En los últimos tiempos, va creciendo la presencia de comunidades y de religiosos de una provincia en el territorio de otra. Algunas provincias tienen comunidades en diversas regiones del mundo, en lugares muy lejanos entre sí. Se trata, para nosotros, de una práctica nueva, que ha sido tradicionalmente característica de congregaciones modernas de tipo apostólico y con una estructura centralizada. El inevitable discernimiento sobre esta realidad debe tener en cuenta, por una parte, la necesaria flexibilidad para favorecer la acción misionera y la ayuda entre las provincias, y por otra, la preservación de los aspectos esenciales de la vida de una provincia, que no debe perder cohesión, espíritu de familia, posibilidad de relación y colaboración entre sus miembros.

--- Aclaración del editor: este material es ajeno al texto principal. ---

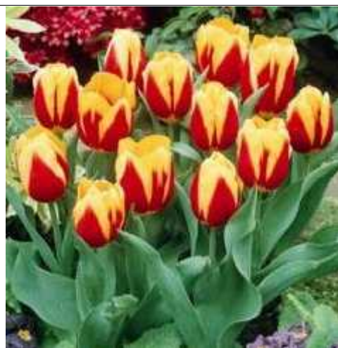
Slika 3. Tip Keizerkroon

Nizozemci su postali vješti uzgajivači tulipana već u vrijeme kad su tulipani izazvali tulipomaniju te skoro uzrokovali krah ekonomije, njihova se strast za ljubljenim im cvijećem nije smanjila do danas. Do vremena kada se više nisu smjeli uzgajati tulipani inficirani virusima zbog činjenice da takve lukovice dovode do degeneracije biljke, uzgajivači tulipana su već savladali tehniku kako hibridizacijom uzgojiti tulipane koji slični su „Rembrandtovim“, a da su pritom bez virusa i genetički stabilni. Tako je crveno-žuti tip „Keizerkroon“ (sl. 3. i 4.) poznat još od 1750. godine. Od tih vremena, uzgajivači hibrida neumorno rade na razvoju novih i ljepših kultivara. Danas su mnogi različiti kultivari dostupni za uzgajanje kod kuće. Nizozemska je pak najveći proizvođač cvijeća na svijetu i izvozi više lukovica tulipana nego ijedna druga zemlja (Pi-Yu, 2007).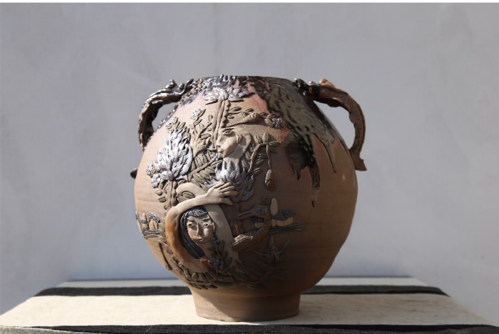
七山果的陶器号 尺寸: 25cm x 18.5cm x 21cm 作者: 张欣春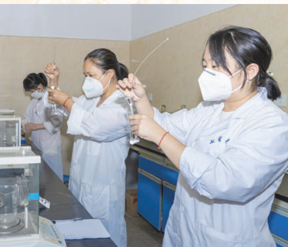
▲ 精心操作，确保工业产品质量关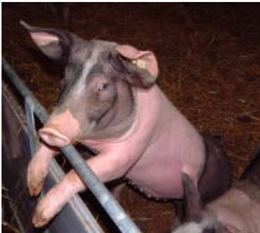
Hey, nimm mich, ich bin die beste Sau von allen!

Mit Traudi ist das schon etwas schwieriger. Willi hat gesagt, dass ich darauf achten sollte, dass die Sauen nicht zu schwächig, aber lang genug sind. Also suche ich eine richtige Willi-Sau. Und dann hat sie mich angesprochen. Sie hat sich auf die Brüstung gestellt, mich angeschaut und gesagt: „Hey, nimm mich, ich bin lang, hab 14 Zippelchen und möchte sooo gern Mami werden“. Wer kann da schon widerstehen? Na ja, jetzt habe ich meine vier Großen und kann anfangen, tolle Pläne für das neue Gehege

El sentido de pertenencia a la Orden

Todos juntos formamos la única familia del Carmelo Teresiano, articulada en provincias y comunidades. Es necesario alimentar el sentido de pertenencia a la Orden y favorecer una comunión profunda en su interior. Cada uno debe sentir como propias las experiencias y necesidades, las alegrías y los sufrimientos de los demás, y buscar contribuir con su compromiso de oración, fraternidad y servicio al bien de todos. Hay que potenciar la coordinación y la ayuda mutua a todos los niveles, promoviendo las iniciativas de colaboración interprovincial, la atención a las necesidades de la Orden, la confianza recíproca entre las diversas instancias de gobierno local, provincial y general, y, sobre todo, la disponibilidad de los religiosos a los servicios que sean requeridos para el bien de la Orden.